Images of the charred U.S. mission in Benghazi, Libya, flashed around the world as Secretary of State Hillary Clinton entered the Treaty Room in Washington and spoke about the deaths of four Americans there.
“Today, many Americans are asking, indeed I asked myself, how could this happen?” Clinton said. “How could this happen in a country we helped liberate in a city we helped save from destruction? This question reflects just how complicated and at times how confounding the world can be.”
As she visits Algeria and the Balkans on what may be one of her last overseas trips as the nation’s top diplomat, Clinton is also confronting her legacy, and whether it will be framed by the Benghazi tragedy or her vision that American foreign policy in the 21st Century must utilize social media, coalition-building and export promotion as well as military power.
“It’s no longer enough to be strong,” Clinton wrote in July in the New Statesman. “Great powers also have to be savvy and persuasive. To do that, we need to expand our foreign policy toolbox, integrate every asset and partner, and fundamentally change the way we do business.”
She has been one of the world’s most recognizable figures for more than 20 years. She turned 65 on Oct. 26, and the end of this phase of her public life is prompting questions about whether the next one might include a longer stay at the State Department or another run for the White House.
While her energy and endurance — more than 918,000 miles to 112 countries over 384 travel days counting her current trip — in the face of personal and political trials have made her one of the nation’s most admired figures, her tenure now will be examined for lasting accomplishments.
Her longer view, though, is obscured by the short attention span and limited peripheral vision of the Internet Age, and by the partisan politics of the presidential campaign.
“With the Arab Spring came a great deal of hope that there would be a change towards more moderation, an opportunity for greater participation on the part of women in public life and in economic life in the Middle East,” said Republican presidential candidate Mitt Romney in the Oct. 22 debate with President Barack Obama. “But instead we’ve seen in nation after nation a number of disturbing events.”
Clinton critics, such as Hoover Institution senior fellow Fouad Ajami, don’t see how Clinton’s extensive travels have advanced U.S. interests. Clyde Prestowitz, president of the Economic Strategy Institute in Washington, questions her shift of resources to Asia and a trans-Pacific free-trade accord she promotes. Others say a control-conscious White House has shut her out of some top-drawer policy decisions on Iraq, Afghanistan and the war on terror.
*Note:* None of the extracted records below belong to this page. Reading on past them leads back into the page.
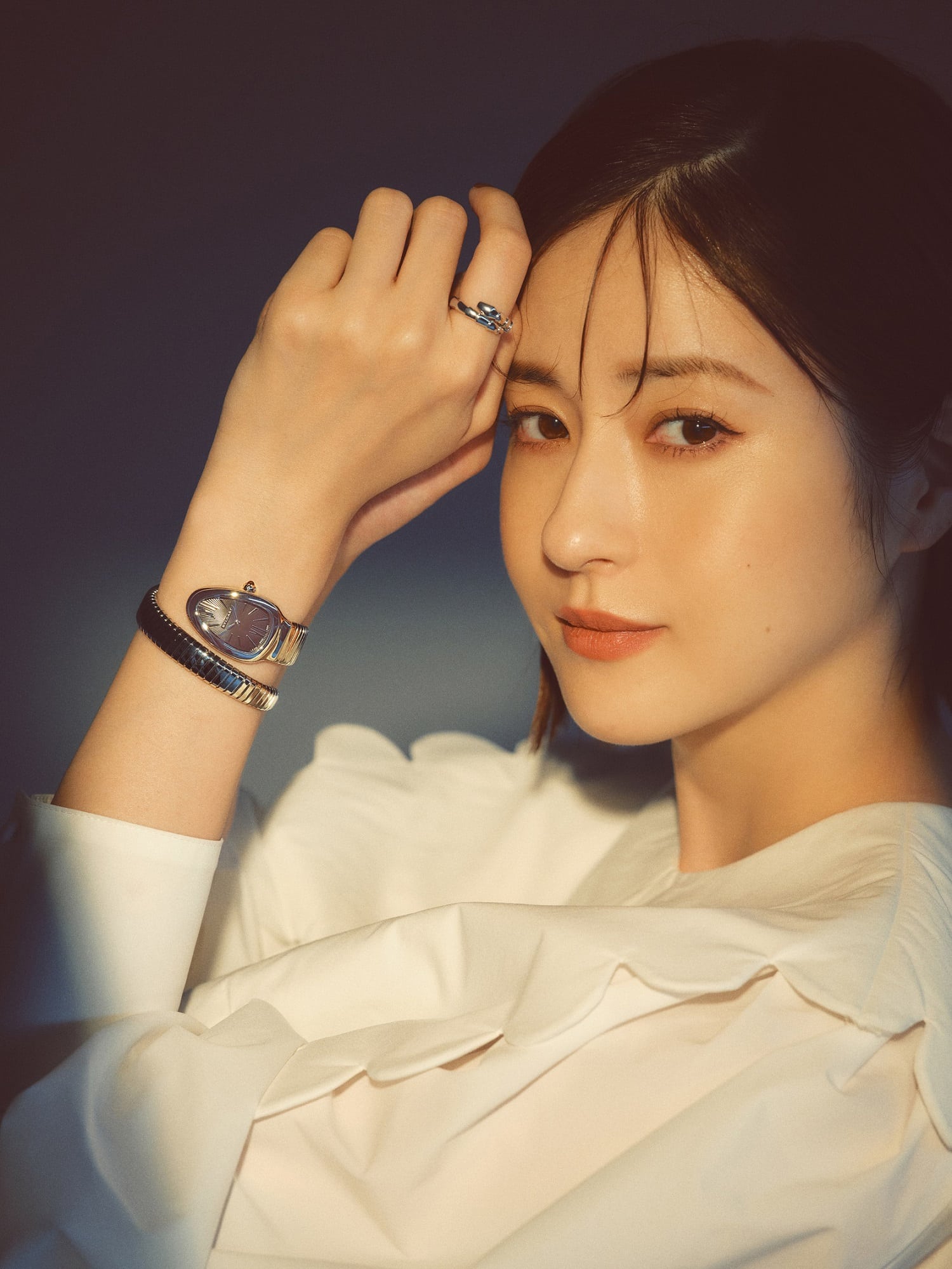 英知、生命力、永遠の象徴である蛇をモチーフにしたセルペンティコレクション。女性の手首に寄り添うトゥボガス ブレスレットのデザインは、1940年代後半から長く受け継がれてきたもの。時代を超越してきた伝統的なモチーフを選ぶことも、一生モノのタイムピースに出会う方法。ジュエラーならではの優美なシルエットとスタイリッシュな艶めきで、しなやかで芯のある理想の大人に近づけてくれる。時計「セルペンティ トゥボガス」<ステンレススティール/ケース35mm/クォーツ>¥759,000リング¥268,400(ともにブルガリ/ブルガリ ジャパン)ブラウス¥25,400(シーニュ)
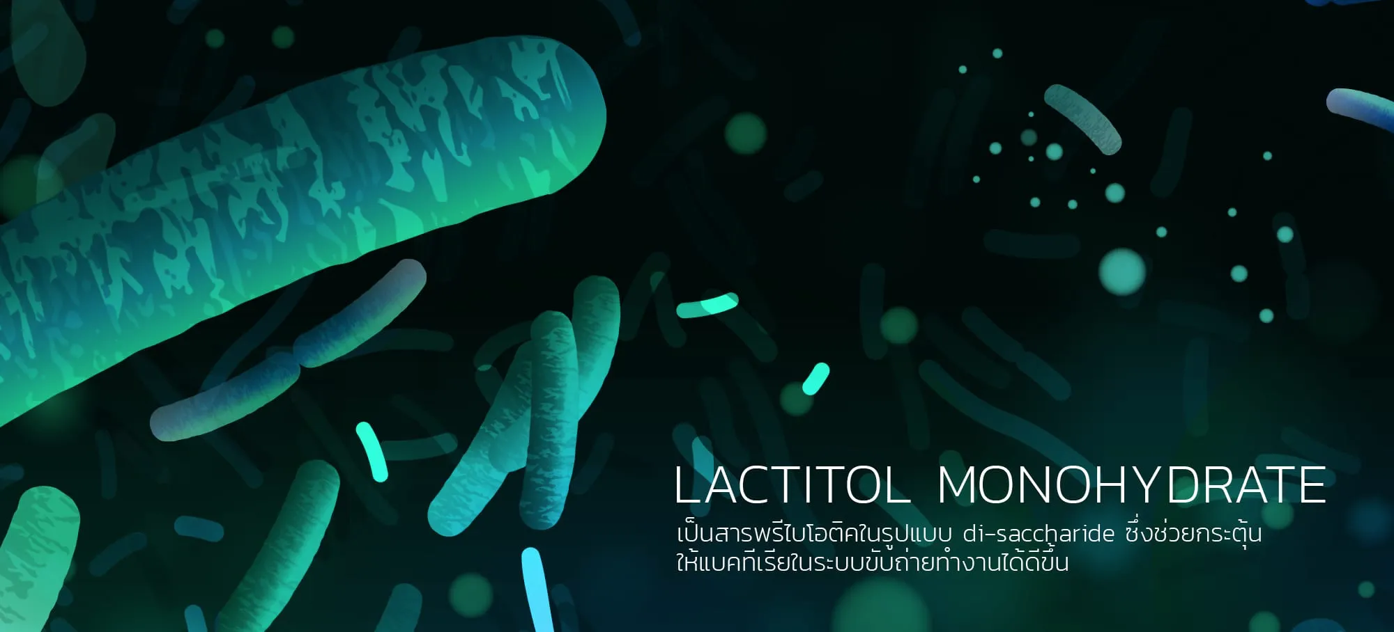 - ใยอาหาร 4 ชนิด ได้แก่ อินนูลิน 90%, โพลีเดกโตรส 90%, ฟรุคโตโอลิโกแซคคาไรด์ 95% และ พาร์เชียลลี่ไฮโดรไลซด์กัวร์กัม
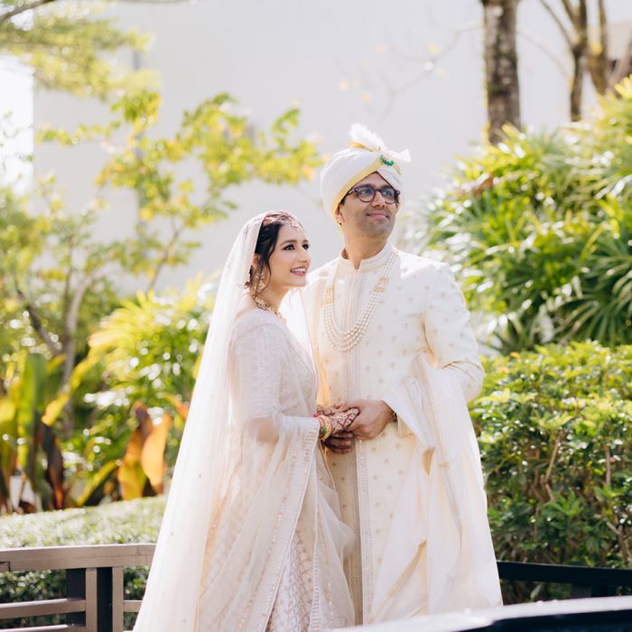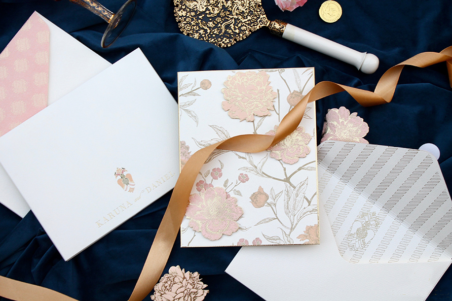 Pretty Gilded Design created this contemporary invitation in an ivory and gold palette with fresh hues of blush and peach. A fusion of South-Indian motifs, contemporary florals and a modern layout beautifully depicts the couple’s cross-cultural wedding.
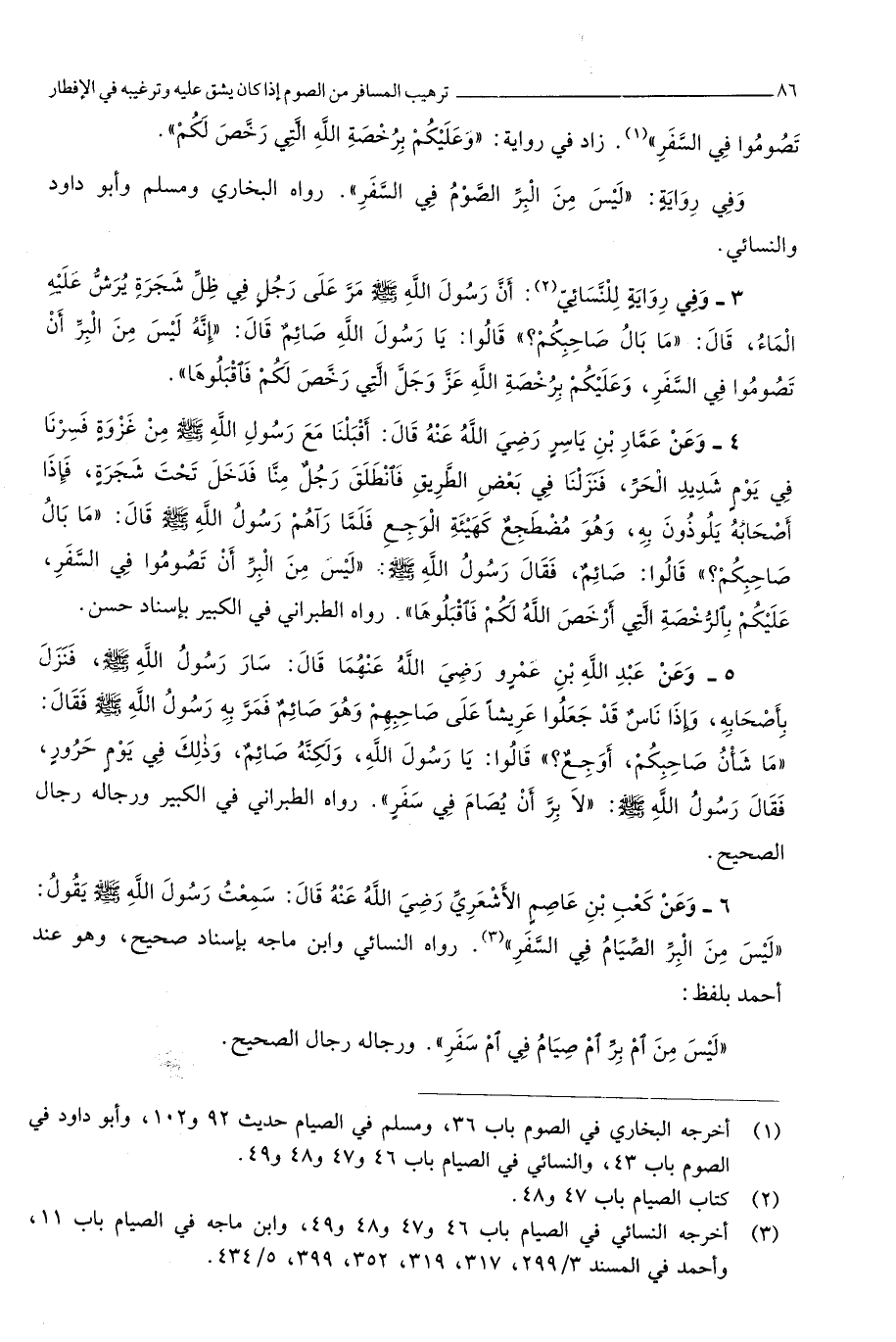 رَوَاهُ النَّسَائِيّ وَابْن مَاجَه بِإِسْنَاد صَحِيح وَهُوَ عِنْد أَحْمد بِلَفْظ لَيْسَ من ام بر ام صِيَام فِي ام سفر
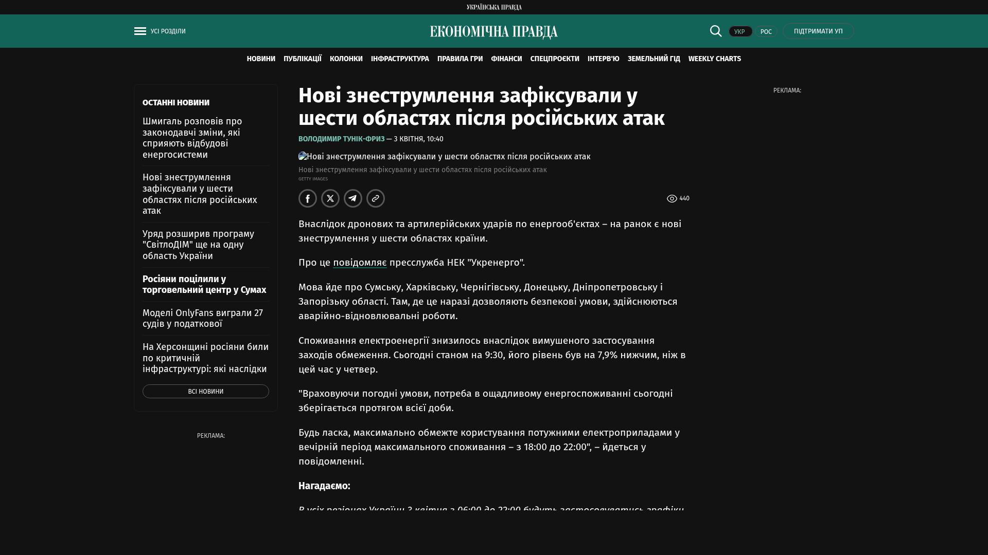 Bildschirmfoto des Originalartikels auf epravda.com.ua
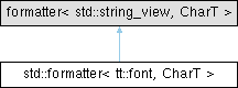 Inheritance diagram for std::formatter< tt::font, CharT >:
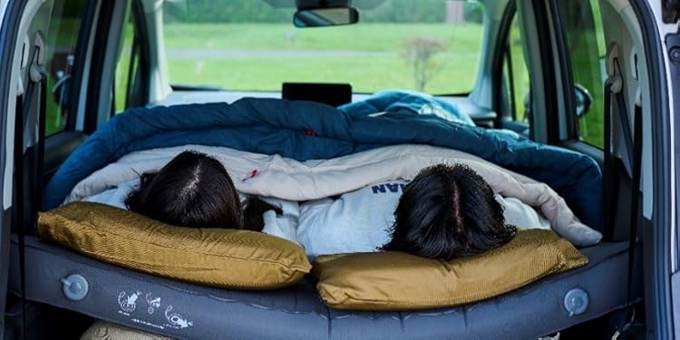 マットは10cmの厚みがあるので凸凹の影響を受けにくく車内でもぐっすり睡眠!

Clinton admirers, such as Leslie Gelb, a former State Department and Pentagon official, say the negative reviews ignore more than 717 White House meetings, her push for military intervention in Libya and how she has handled the strained U.S. relationship with Pakistan. They say the miles she travels — more than 30,000 to Russia and the South Pacific in September alone — are an investment in rebuilding ties essential to U.S. interests.
The debate reflects a fundamental division in Washington and beyond over what constitutes American power in the 21st Century, how it’s evolving and how it should be wielded as other countries grow stronger and new players arise.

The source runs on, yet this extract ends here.